For years, we have been hearing only proclamations and predictions like these about the 2025 Jubilee in Rome. For a long time, I’ve been telling those who ask what will happen in the Jubilee year that it will all be a big bluff of numbers and predictions. I am asked this by customers at my old barber shop, tourism sector workers, restaurateurs, and owners of houses and buildings transformed into hospitality and tourism businesses. I don't want to pretend to be a fortune teller or a genie, but as a careful observer of what happens in my splendid city, and from the privileged perch of my business in the historic center of Rome—a few steps from the Pantheon, Piazza Navona, Castel Sant'Angelo and San Pietro—I can only observe that this is the first winter post-Covid with a large decline in tourism in the city.
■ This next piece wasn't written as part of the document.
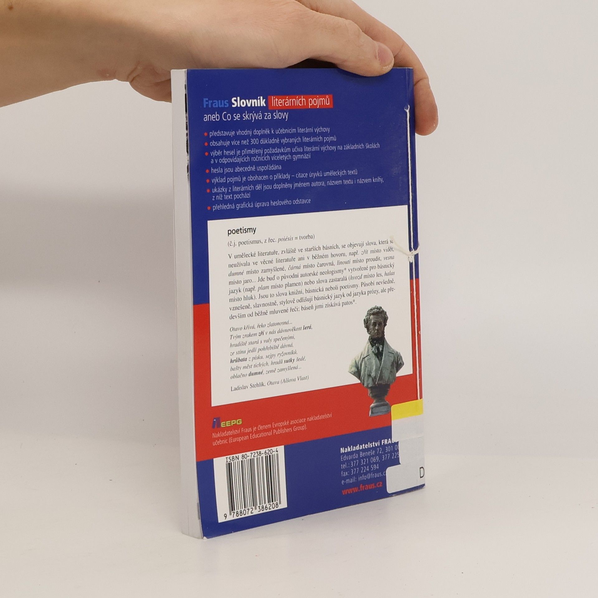 Slovník představuje vhodný doplněk k učebnicím literární výchovy. Obsahuje více než 300 důkladně vybraných literárních pojmů. Výběr hesel je přiměřený požadavkům učiva literární výchovy na základních školách a v odpovídajících ročnících víceletých gymnázií. Hesla jsou abecedně uspořádána. Výklad pojmů je obohacen o příklady - citace úryvků uměleckých textů. Ukázky z literárních děl jsou doplněny jménem autora, názvem textu i názvem knihy, z níž text pochází. Přehledná grafická úprava heslového odstavce.

Yes, right in the year of the 35 million expected tourists! For example, the waiting times for entry to the Holy Door of St. Peter in late December/early January (a few days after its opening) did not exceed 10 minutes. It is still like this in St. Peter's Square, which remains an absolutely serene space from which to admire its beauty. Not to mention the beauty of the entire city in our always-mild climate. It’s clear that the tourist influx will increase as the warm season approaches, but it will be nothing more than normal for a city accustomed to tourism like Rome. I hope that tourism will not dip even lower this year, due to the alarmist proclamations and forecasts of a city stormed by pilgrims.
Anyway, the pilgrims will concentrate in the area of St. Peter and the other three Roman basilicas to cross the Holy Door, for a maximum 3-5 days (take my word for it—I’ve lived through five jubilees). In conclusion, if you have to choose a year to visit the Eternal City, 2025 is it. And in addition to its artistic and architectural wonders, you’ll be able to find time for a visit to Michelangelo's Pietà or Bernini's Baldachin entering the Holy Door of St. Peter.
P.S. The biggest crowds ever seen in town occurred when Pope John Paul II died. In the days before the funeral, everything was concentrated in the area of St Peter's, the historical center, and Prati neighborhoods. In fact, from April 2-8 2005, more than 4 million pilgrims flocked to Rome: 21,000 people entered the Vatican Basilica every hour, 350 every minute; 13 hours was the average waiting time and 24 hours the maximum waiting time to enter St. Peter's. The queue reached 5 km. On the day of the funeral, there were 500,000 faithful in St. Peter's Square and in Via della Conciliazione for the mass, with another 600,000 people in the areas with giant screens.
Im thinking of going in September or october. Thank you for the warm-up.
I was there for a week Jan 23–31, and everything was very navigable. I waited 10–15 minutes for the Holy Door, and we had no problem getting last-minute reservations at most of the restaurants we wanted to go to. Rome was beautiful, and definitely worth the visit in 2025!